WHAT IS BEING ASKED >> For the string "Franciscanos", find every matching line in the records and copy it.

RECORD EXCERPTS >>
=== Begin Enclosure ===

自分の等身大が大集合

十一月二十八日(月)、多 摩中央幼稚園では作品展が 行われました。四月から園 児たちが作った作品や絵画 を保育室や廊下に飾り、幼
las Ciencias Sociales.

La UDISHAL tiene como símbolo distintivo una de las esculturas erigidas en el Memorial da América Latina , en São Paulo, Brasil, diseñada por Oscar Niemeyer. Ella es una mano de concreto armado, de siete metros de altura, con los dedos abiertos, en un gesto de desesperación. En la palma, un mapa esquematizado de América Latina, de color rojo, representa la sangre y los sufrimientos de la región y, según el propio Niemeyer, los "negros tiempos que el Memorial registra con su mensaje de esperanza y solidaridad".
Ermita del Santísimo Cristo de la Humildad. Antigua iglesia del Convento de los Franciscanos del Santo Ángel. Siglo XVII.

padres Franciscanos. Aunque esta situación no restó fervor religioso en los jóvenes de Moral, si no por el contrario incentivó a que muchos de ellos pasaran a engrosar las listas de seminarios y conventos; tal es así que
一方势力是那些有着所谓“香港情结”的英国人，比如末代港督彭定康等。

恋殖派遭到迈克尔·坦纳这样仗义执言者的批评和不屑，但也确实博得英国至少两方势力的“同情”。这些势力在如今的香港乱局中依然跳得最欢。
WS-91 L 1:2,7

=== End Enclosure ===
=== Begin Enclosure ===

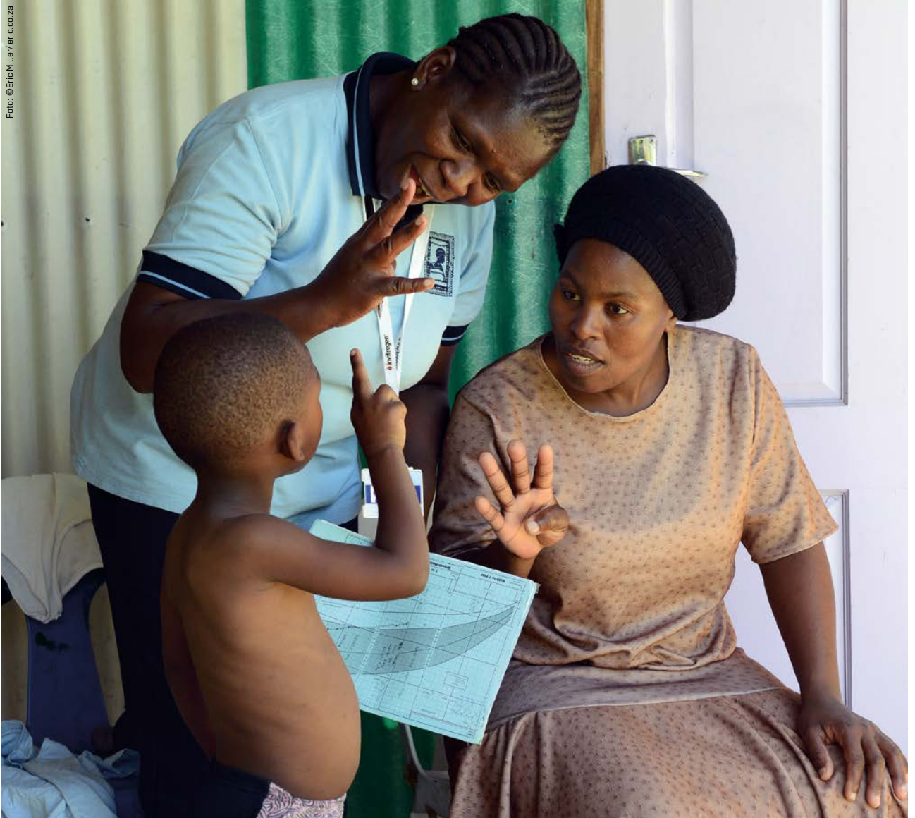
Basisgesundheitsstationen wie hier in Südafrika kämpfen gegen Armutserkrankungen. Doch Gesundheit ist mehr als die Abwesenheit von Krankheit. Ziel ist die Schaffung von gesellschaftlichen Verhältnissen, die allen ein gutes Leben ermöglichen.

=== End Enclosure ===

YOUR SOLUTION >>
Ermita del Santísimo Cristo de la Humildad. Antigua iglesia del Convento de los Franciscanos del Santo Ángel. Siglo XVII.
padres Franciscanos. Aunque esta situación no restó fervor religioso en los jóvenes de Moral, si no por el contrario incentivó a que muchos de ellos pasaran a engrosar las listas de seminarios y conventos; tal es así que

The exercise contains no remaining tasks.